Old farm roads had long ago given way to interstate highways and the nearby historic missions would soon capture international acclaim.
Yet the residents of this urban South Side neighborhood remained dependent on plumbing systems no household in one of the nation’s largest cities had seen for years — outhouses, leaking septic tanks and cesspools.
It was a modern-day health hazard laced with indignity for citizens who, though they paid city taxes, received no city sewer service.
In 2001, the San Antonio Metropolitan Health Department declared the Mission Espada area a public health risk. The potential for an outbreak of dengue fever or hantavirus threatened both the immediate community and the larger San Antonio area.
That’s when the City of San Antonio, the San Antonio Water System and Los Vecinos de las Misiones began working with Merced Housing Texas on what came to be known as the Espada Sewer Connect Project.
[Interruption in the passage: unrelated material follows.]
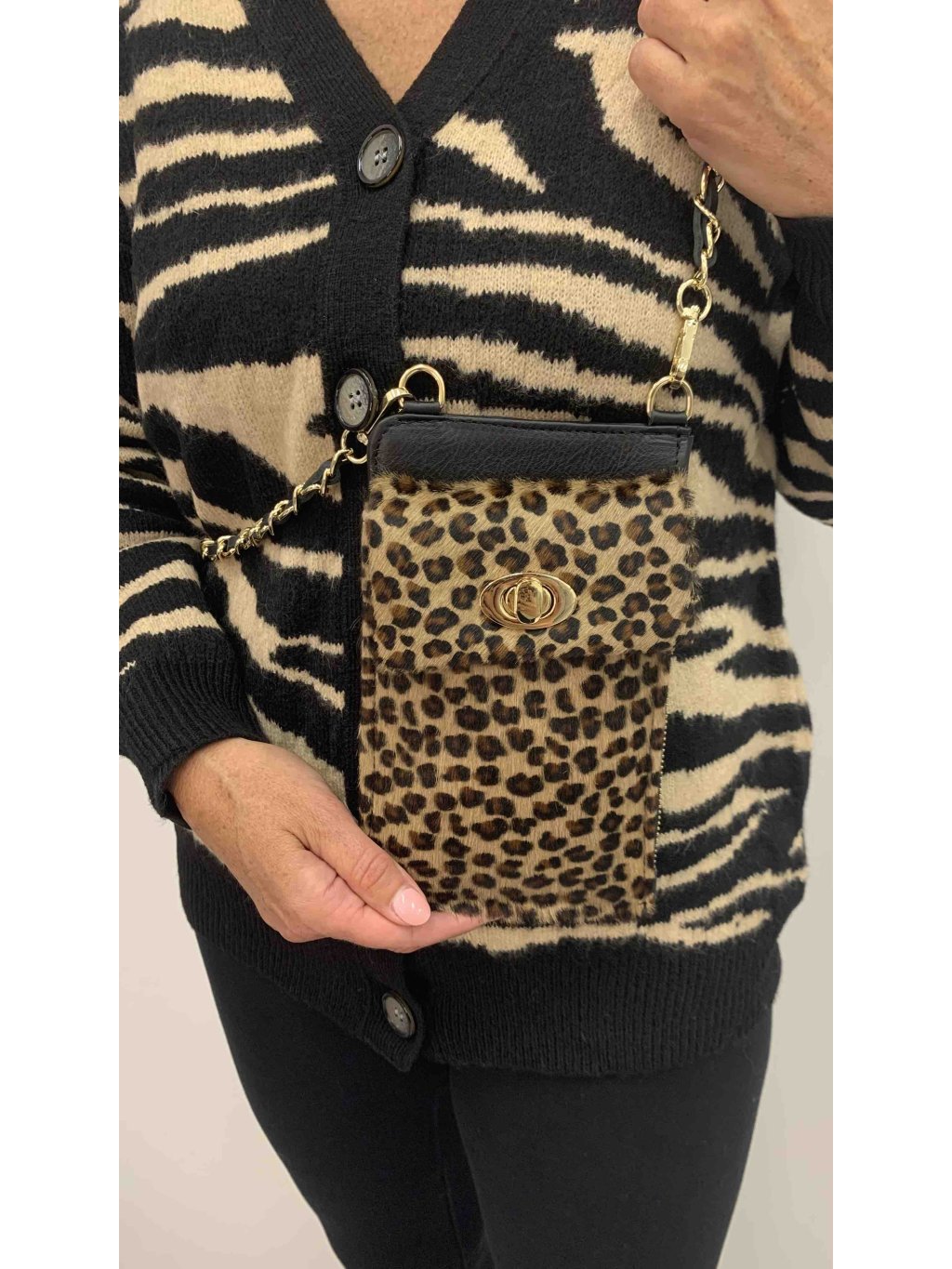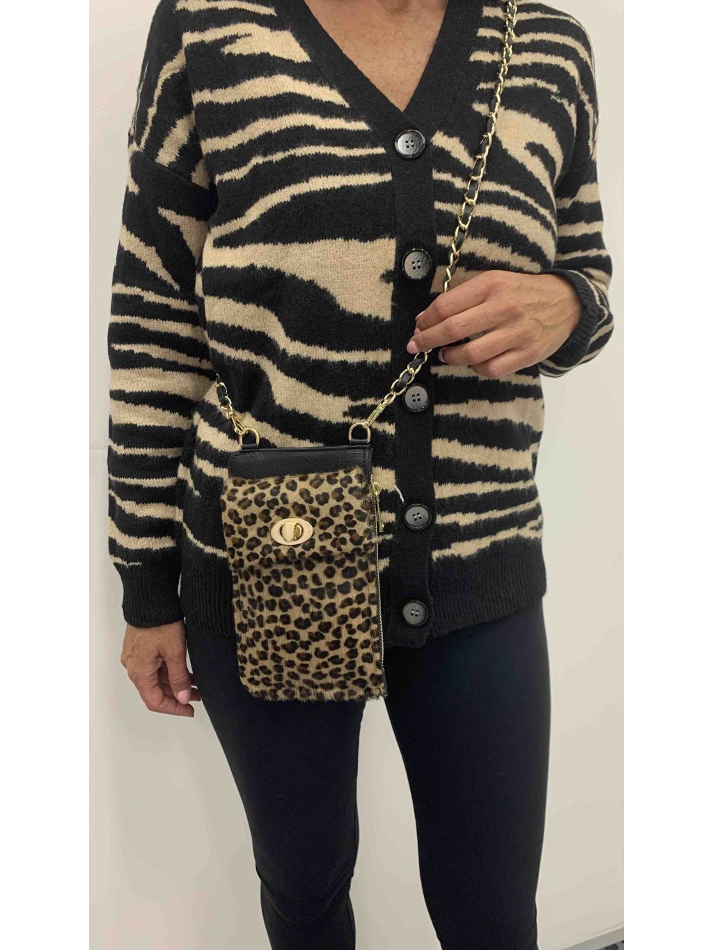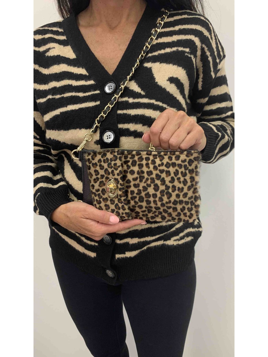 Kožená luxusní crossbody jemný vzor leopard, pravá kůže
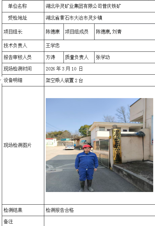 湖北华灵矿业集团有限公司普庆铁矿2026/04/072026年检测检验项目 00 上一篇: 大冶市同和矿业有限公司下一篇: 黄石市陈贵铜山口矿业股份有限公司张泗朱铁矿 相关推荐 吉安市青原区茶家山采石场(普通合伙) 2026/04/09 3 查看全文 阳新县宏达矿业有限责任公司 2026/04/08 1 查看全文 湖北兴发化工集团股份有限公司兴-神磷矿瓦屋矿区IV矿段 2026/04/08 1 查看全文 湖北冯家山矿业有限责任公司 2026/04/08 1 查看全文 您好!请登录 点击取消回复 称呼: 邮箱: 点击这里取消回复。

Committing more than $3.3 million for this program, Merced rehabilitated 21 homes in the neighborhood connecting them with lateral sewer lines for the very first time. The four-phase project was completed in 2008.
Six years later, while still dominating the skyline of this now-improved neighborhood, the 18th century Mission San Francisco de la Espada site was named — along with the other three missions south of downtown San Antonio — a World Heritage Site.
Espada residents can call it home for years to come.